This was an SAT question of the day, but I can't figure out how to come up with the right answer, I think you use Pythagoras Theorum but I'm not sure. Can anyone help with the process here?
A 25-foot ladder is placed against a vertical wall of a building, with the bottom of the ladder standing on concrete 7 feet from the base of the building. If the top of the ladder slips down 4 feet, then the bottom of the ladder will slide out ___ ft.
Nevermind I figured it out!
Before the slipping occurs, the top of the ladder's distance above the floor is
sqrt(25^2 - 7^2) = 24 feet
If the top slips 4 feet, it then is 20 feet from the floor.
Now use the Pythagorean theorem again to get the distance of the base from the vertical wall.
sqrt (25^2 - 20^2) = __?__
15
To solve this problem, we can indeed use the Pythagorean theorem, which states that the square of the hypotenuse (in this case, the ladder) is equal to the sum of the squares of the other two sides (the vertical distance and the horizontal distance).
In this scenario, the ladder forms a right-angled triangle with the wall and the ground.
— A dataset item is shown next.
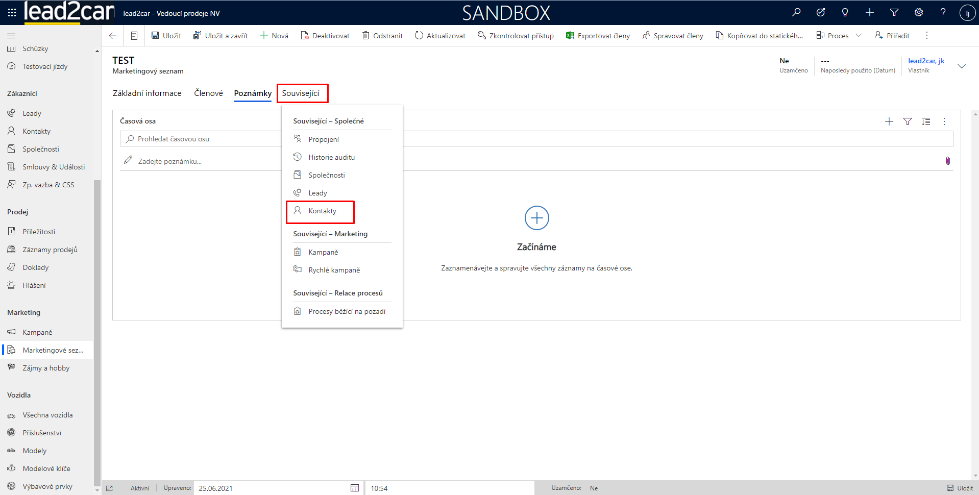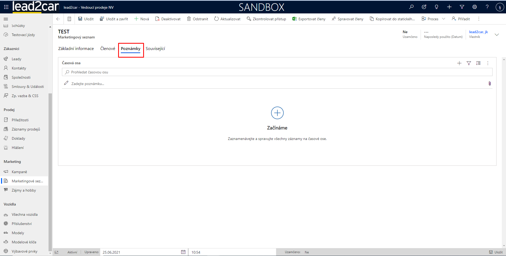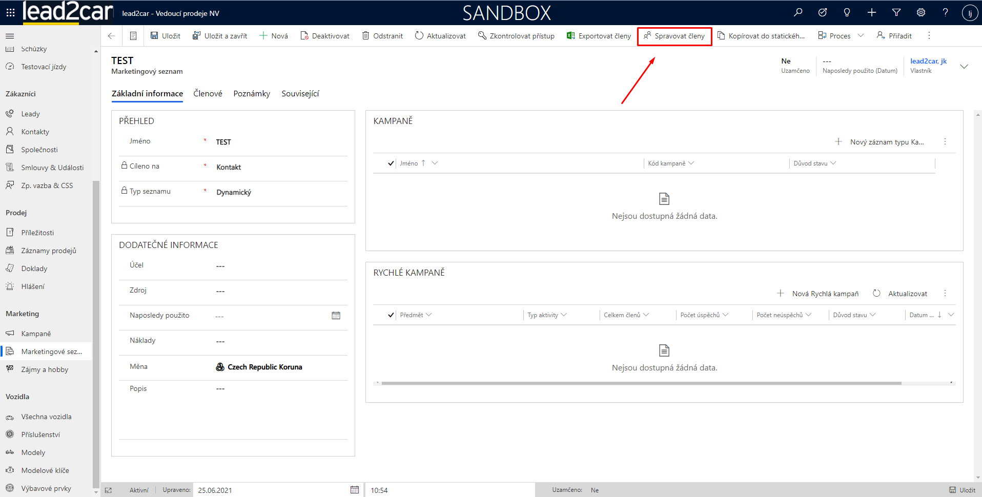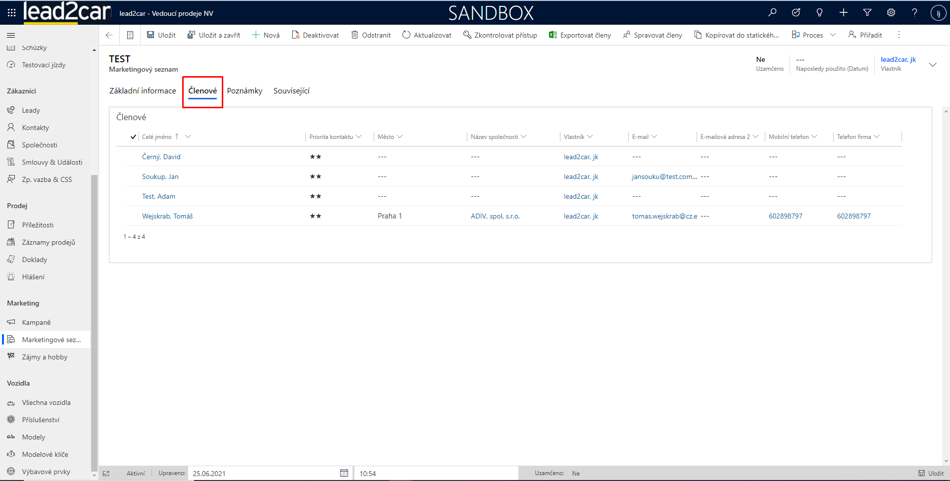 Po rozkliknutí marketingových seznamů v levém menu bude otevřen aktuální seznam.

Let's denote the vertical distance as "y" (the height of the ladder on the wall) and the horizontal distance as "x" (the distance the bottom of the ladder slides out).
Using the Pythagorean theorem, we have:
(25 - 4)^2 = 7^2 + x^2
Simplifying,
21^2 = 49 + x^2
441 = 49 + x^2
x^2 = 441 - 49
x^2 = 392
Taking the square root of both sides,
x = sqrt(392) or approximately 19.80 ft
Therefore, the bottom of the ladder will slide out approximately 19.80 feet when the top of the ladder slips down 4 feet.